- _PROBLEM TO WORK ON_
All records must be quoted exactly. Omit the pictures.

- _RECORDS FOR THIS TASK_
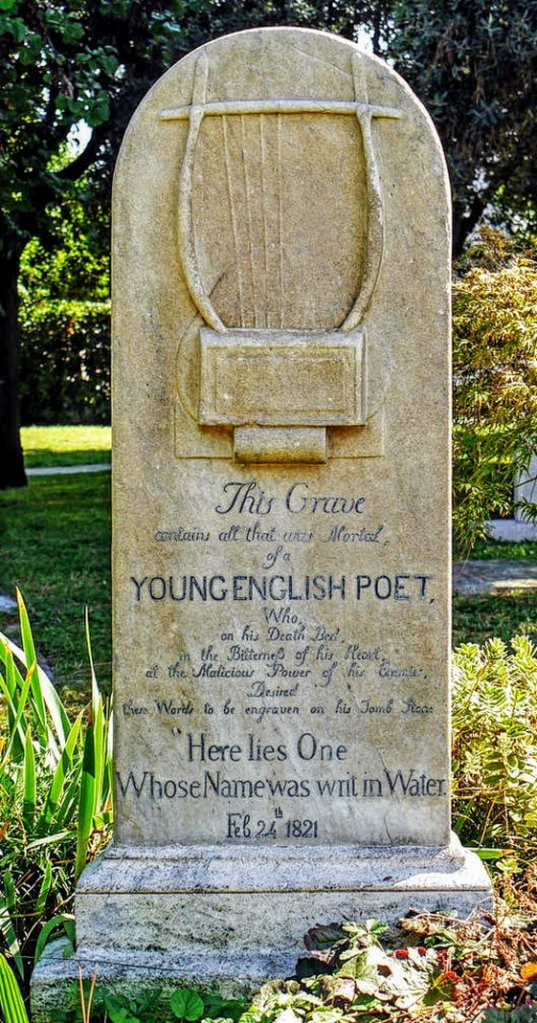 John Keats hakkında daha söylenecek çok şey var fakat bu yazı tabiri yerindeyse kısa bir bakış. Buna rağmen kısacık bir bakışta hayatta nelerin mümkün olduğunu bizlere gösteriyor, sonrasında kendisini sevgiyle anacak olan Lord Tennyson’ın “Ulysses” adlı şiirinde dediği gibi: “Hayatı dibine kadar içeceğim. (I will drink life to the lees.)” Keats de edebi açıdan öyle yapmışa benziyor. Öyle ki, yirmi beş yaşında öldüğü hesaba katıldığında, İngiliz Edebiyatının devleri Shakespeare, Chaucer ve Milton, onun yaşındayken onun kadar büyük başarılara imza atamamışlardı. Hastalığından dolayı yakın arkadaşı ressam Joseph Severn ile birlikte Roma’ya taşınır. Roma’nın ılık havasının daha iyi geleceğini düşünür, 24 Şubat 1821’de orada ölür ve Vatikan Kilisesi’nin Katolik olmayan insanlara ayırdığı mezarlığa defnedilir. Arkadaşları, Keats’in isteği üzerine mezar taşına şu cümleyi yazarlar: “Burada adı suya yazılmış biri yatmaktadır. (Here lies One Whose Name was writ in Water.)” Kendisinin akıllarda kalmayacağına inanarak vefat ettiğini buradan anlayabiliyoruz.
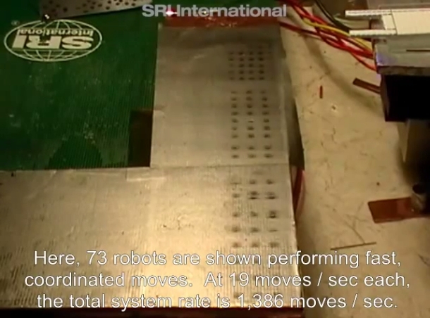 Cet essaim de mini-robots peut se déplacer très précisément et très rapidement – jusqu’à 35 cm/s – sur des circuits imprimés pour assembler à échelle industrielle des cartes électroniques.
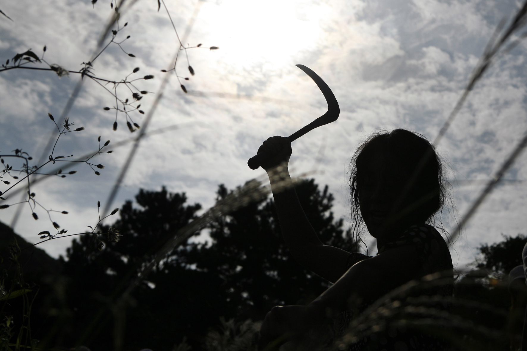 As the film gets, literally, more hysterical, as the abused woman unleashes her fury, the film offers a devastating critique of patriarchy; the older women on the island are all complicit. In one scene, a knife is fellated – see below.
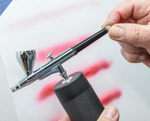 No noisy, bulky compressor or hose needed with the MakerX airbrush! The airbrush pen mounts directly onto a lightweight canister-type compressor that provdes 14-18 psi of air pressure. It also doubles as a comfortable handle for the brush, and solidly supports the unit upright when not in use. The pen itself is a high-quality tool that rivals those from well-known airbrush manufacturers.
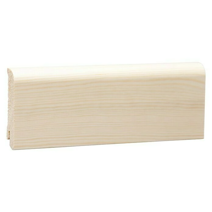 Die Sockelleiste aus massivem, rohem Kiefernholz mit rundem Profil ist ein echter Klassiker, der sich hoher Beliebtheit erfreut. Ihr natürlicher Charme verleiht jedem Raum Behaglichkeit. Auf Wunsch kann die Leiste aus Vollholz zudem mit Lack und Lasur behandelt werden, um ihr Erscheinungsbild auf das jeweilige Wohnkonzept abzustimmen.
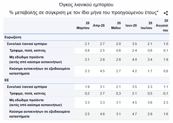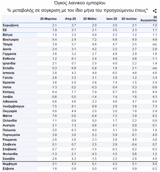 Στη ζώνη του ευρώ τον Αύγουστο του 2025, σε σύγκριση με τον Αύγουστο του 2024, ο όγκος του λιανικού εμπορίου
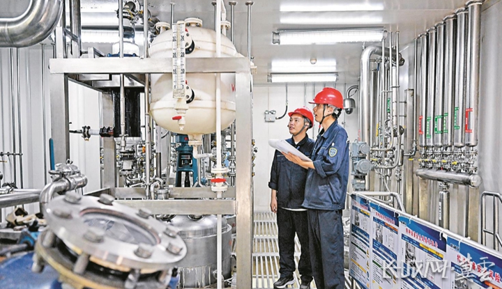 京津冀·沧州生物医药产业园,华润双鹤药业股份有限公司沧州分公司员工记录生产数据。张昊摄
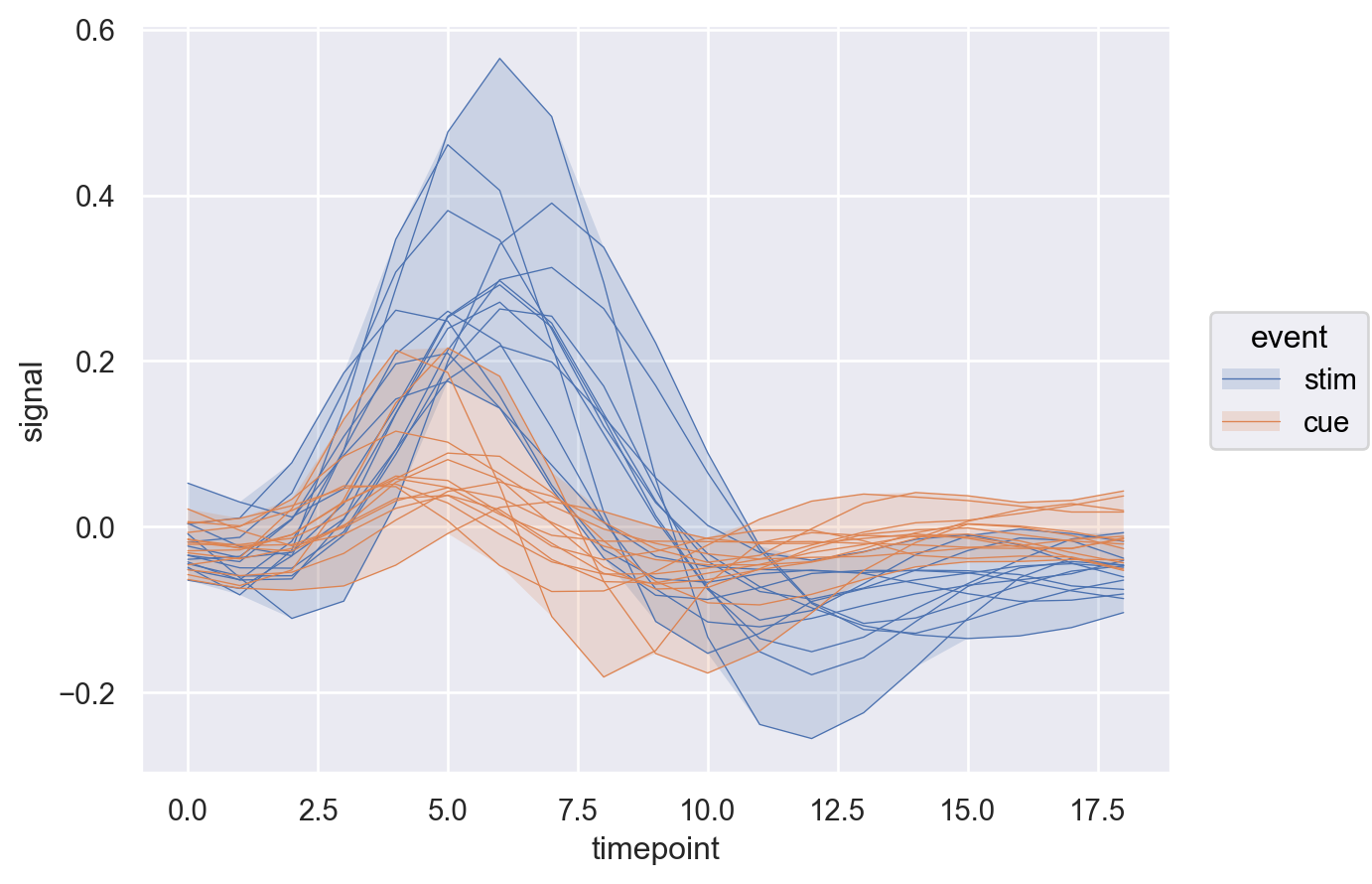 ( so.Plot(fmri, x="timepoint", y="signal", color="event") .add(so.Line(linewidth=.5), group="subject") .add(so.Band()) )

- _RESULT BELOW_
 John Keats hakkında daha söylenecek çok şey var fakat bu yazı tabiri yerindeyse kısa bir bakış. Buna rağmen kısacık bir bakışta hayatta nelerin mümkün olduğunu bizlere gösteriyor, sonrasında kendisini sevgiyle anacak olan Lord Tennyson’ın “Ulysses” adlı şiirinde dediği gibi: “Hayatı dibine kadar içeceğim. (I will drink life to the lees.)” Keats de edebi açıdan öyle yapmışa benziyor. Öyle ki, yirmi beş yaşında öldüğü hesaba katıldığında, İngiliz Edebiyatının devleri Shakespeare, Chaucer ve Milton, onun yaşındayken onun kadar büyük başarılara imza atamamışlardı. Hastalığından dolayı yakın arkadaşı ressam Joseph Severn ile birlikte Roma’ya taşınır. Roma’nın ılık havasının daha iyi geleceğini düşünür, 24 Şubat 1821’de orada ölür ve Vatikan Kilisesi’nin Katolik olmayan insanlara ayırdığı mezarlığa defnedilir. Arkadaşları, Keats’in isteği üzerine mezar taşına şu cümleyi yazarlar: “Burada adı suya yazılmış biri yatmaktadır. (Here lies One Whose Name was writ in Water.)” Kendisinin akıllarda kalmayacağına inanarak vefat ettiğini buradan anlayabiliyoruz.
 Cet essaim de mini-robots peut se déplacer très précisément et très rapidement – jusqu’à 35 cm/s – sur des circuits imprimés pour assembler à échelle industrielle des cartes électroniques.
 As the film gets, literally, more hysterical, as the abused woman unleashes her fury, the film offers a devastating critique of patriarchy; the older women on the island are all complicit. In one scene, a knife is fellated – see below.
 No noisy, bulky compressor or hose needed with the MakerX airbrush! The airbrush pen mounts directly onto a lightweight canister-type compressor that provdes 14-18 psi of air pressure. It also doubles as a comfortable handle for the brush, and solidly supports the unit upright when not in use. The pen itself is a high-quality tool that rivals those from well-known airbrush manufacturers.
 Die Sockelleiste aus massivem, rohem Kiefernholz mit rundem Profil ist ein echter Klassiker, der sich hoher Beliebtheit erfreut. Ihr natürlicher Charme verleiht jedem Raum Behaglichkeit. Auf Wunsch kann die Leiste aus Vollholz zudem mit Lack und Lasur behandelt werden, um ihr Erscheinungsbild auf das jeweilige Wohnkonzept abzustimmen.
 Στη ζώνη του ευρώ τον Αύγουστο του 2025, σε σύγκριση με τον Αύγουστο του 2024, ο όγκος του λιανικού εμπορίου
 京津冀·沧州生物医药产业园,华润双鹤药业股份有限公司沧州分公司员工记录生产数据。张昊摄
 ( so.Plot(fmri, x="timepoint", y="signal", color="event") .add(so.Line(linewidth=.5), group="subject") .add(so.Band()) )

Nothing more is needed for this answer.